=== Study material ===
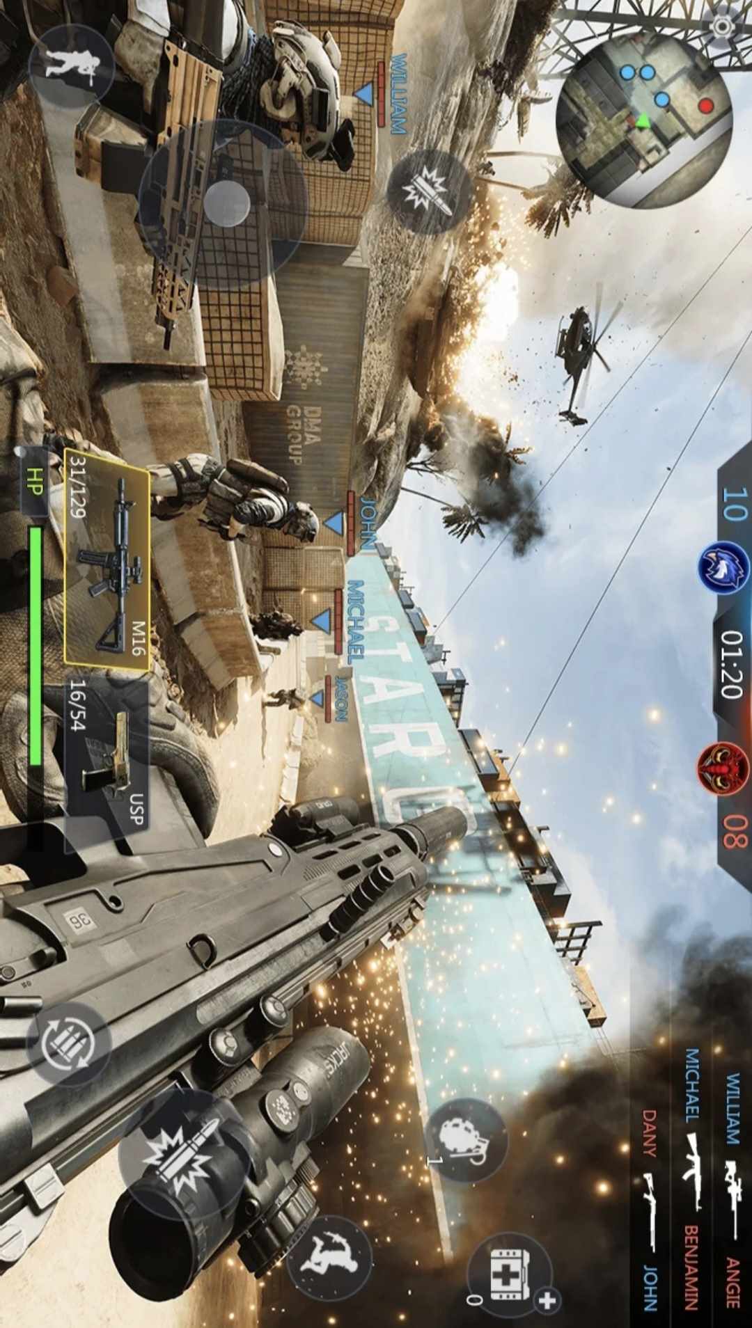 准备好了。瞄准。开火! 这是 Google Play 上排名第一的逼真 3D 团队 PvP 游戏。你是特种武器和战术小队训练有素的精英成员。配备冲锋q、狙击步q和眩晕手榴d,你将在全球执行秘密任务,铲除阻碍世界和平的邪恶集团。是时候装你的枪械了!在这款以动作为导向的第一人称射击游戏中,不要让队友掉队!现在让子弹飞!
===
=== Study material ===
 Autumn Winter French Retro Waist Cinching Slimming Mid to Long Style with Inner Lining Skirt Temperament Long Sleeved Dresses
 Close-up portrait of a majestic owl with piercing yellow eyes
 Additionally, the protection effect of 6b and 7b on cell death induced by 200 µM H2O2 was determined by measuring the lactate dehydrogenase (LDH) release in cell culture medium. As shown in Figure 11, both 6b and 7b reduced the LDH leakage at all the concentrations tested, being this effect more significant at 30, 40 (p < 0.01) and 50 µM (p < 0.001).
===
**Work instruction:** What is needed is each line of the entries that contains the word "with".

**Result for this exercise:**
 Autumn Winter French Retro Waist Cinching Slimming Mid to Long Style with Inner Lining Skirt Temperament Long Sleeved Dresses
 Close-up portrait of a majestic owl with piercing yellow eyes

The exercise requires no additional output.